2.6. Valvular diseases
Libman-Sacks or marantic endocarditis consists of non-infective, verrucous valvular vegetation and is the most characteristic valve lesion in SLE (Figure 3). Most frequently, this involves the mitral valve and to a lesser degree, the aortic valve. Multi-valvular involvement can also occur in SLE. Roldan et al. described valvular abnormalities in 61% of 69 cases of SLE unrelated to disease severity, disease activity, or disease duration (100). An older prospective study of 132 consecutive patients reported valvular lesions in 22.7% of the cases associated with the presence of antiphospholipid antibodies (101). In SS, tricuspid regurgitation was seen in 40%, whereas thickening of the aortic valve and mitral valve leaflets in 12% and 8% respectively (45). Although echocardiography remains the modality of choice for evaluating valvular lesions, CMR can provide a highly reproducible serial assessment of valvular disease for the characterization of verrucous vegetation. CMR allows objective and reproducible quantification of mitral or tricuspid regurgitation and aortic valve assessment in patients with ARDs with low inter-study variability and operator dependence (102).

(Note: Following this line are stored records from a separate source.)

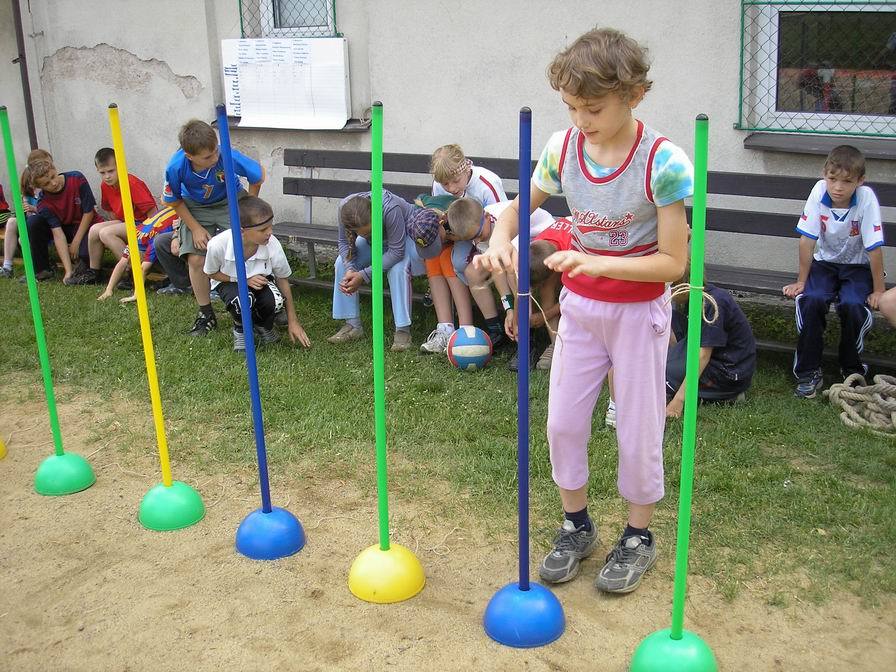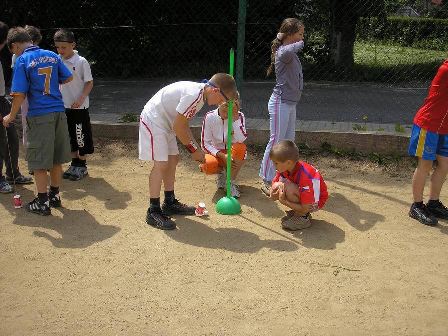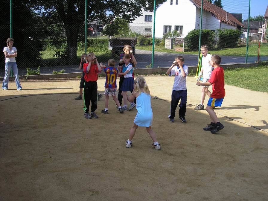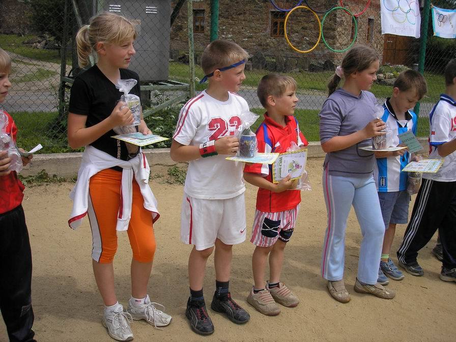 Družstva Panterů, Gepardů, Pirátů z Karibiku a Smrťáků se utkala v kamarádském duchu v netradičních disciplínách. Zahráli jsme si tak třeba „Honičku s kukátkem,“ nebo speciálně upravenou vybíjenou pod názvem „Nebezpečný trojúhelník,“ potrápili jsme se s „Neposednou tkaničkou“ a všem ukázali, jak máme „Hbité ruce“ při navazování uzlíků a kliček. Nejvíc úsilí jsme vynaložili při hře „Hovnivál,“ protože posouvání pingpongového míčku pomocí kelímku zavěšeného na provázku nebylo na písčitém povrchu hřiště vůbec jednoduché. Také jsme se proměnili v „Jojo“ a vyzkoušeli si na vlastní kůži, jak se tato hračka namotává a rozmotává, až se nám z toho točila hlava. Největší radost jsme měli z fotbalového zápasu, po kterém už následovalo předávání medailí, diplomů a dárků. Sedletínské olympijské hry jsme zakončili opět státní hymnou.
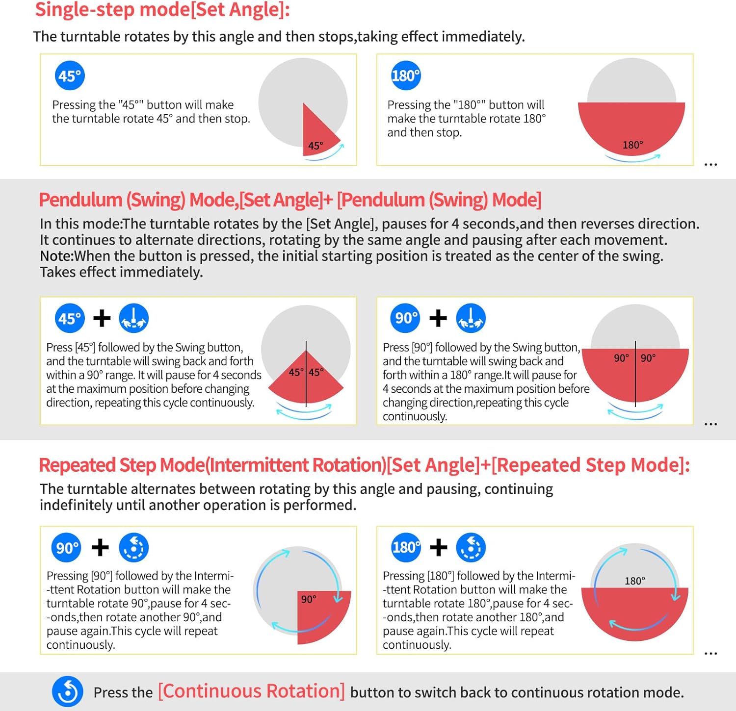 - 【Supports remote control of four rotation modes】: ComXim motorized display stand supports four rotation modes: Continuous rotation; Single-step rotation at 45°, 90°, and 180°; Repeated step rotation at 45°, 90°, and 180°; Pendulum (swing) rotation at 45°, 90°, and 180°. Allows remote control for both clockwise and counterclockwise rotation. Supports remote control for start/pause and speed adjustment (increase/decrease).
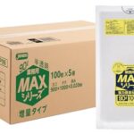 ジャパックスの90L半透明ゴミ袋は、500枚(100枚×5冊)入りで、厚み0.02mmの耐引張力の強いポリ袋です。まとめ買いに最適なケース販売です。
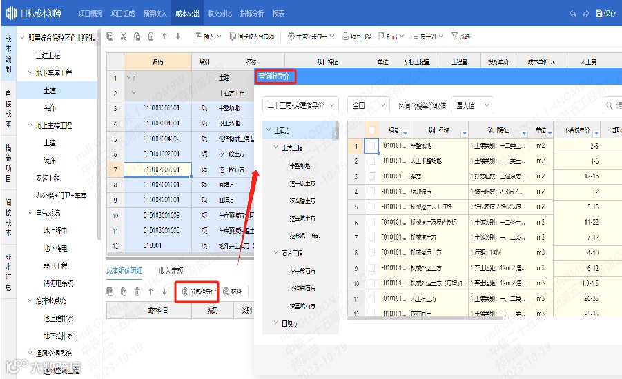 3、新项目目标成本测算时,历史数据的指标可以直接批量载入到新项目中,快速完成新项目的测算。

Figure 3. Libman-Sacks endocarditis on CMR. Cine 4-chamber view shows mass-like mitral valve vegetation and valve thickening (white arrow) consistent with Libman-Sacks endocarditis.
2.7. Pulmonary hypertension (PH)
Patients with ARDs often develop pulmonary hypertension during the natural course of the disease processes. Of all the ARDs, SS has the highest prevalence of pulmonary hypertension in up to half of the patients secondary to lung involvement, with a 1-year survival rate of only 50% (48, 103). The presence of PH in limited cutaneous SSc without concomitant interstitial lung disease results in an overall poor prognosis (32). Secondary pulmonary hypertension is seen in patients with Sjogren's syndrome (47) and is the leading cause of death in MTCD (104). Venous thrombo-embolic complications may cause pulmonary hypertension and right heart failure in SLE (29). The prevalence of asymptomatic pulmonary arterial hypertension in SLE was reported to be 10.8%, with a female-to-male ratio of 10:1 (105).

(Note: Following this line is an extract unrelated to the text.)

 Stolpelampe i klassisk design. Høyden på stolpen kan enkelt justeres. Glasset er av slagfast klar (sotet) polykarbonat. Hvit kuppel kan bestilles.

Recently, the Pulmonary Vascular Research Institute recommended cardiac MRI to monitor right ventricular (RV) function in patients with pulmonary hypertension (106). On CMR, the most common but non-specific sign of PH is the presence of LGE at the RV insertion points, which is not related to disease severity (Figure 4). Diagnosis of pulmonary hypertension-related heart disease can be performed with CMR, but diagnosis of pulmonary hypertension alone has been challenging. A composite CMR model of interventricular septum angle (IVS), ventricular mass index (VMI), and black blood slow flow can be used for non-invasive diagnosis of PH with improved sensitivity (93%) and specificity (79%) with high correlation to mPAP (107). The interventricular septal (IVS) angle on CMR can help differentiate pre- and postcapillary PH from isolated postcapillary PH. An elevated systolic interventricular septal angle ≥ 160° in patients with combined pre- and postcapillary pulmonary hypertension can predict the presence of left-sided heart disease (108).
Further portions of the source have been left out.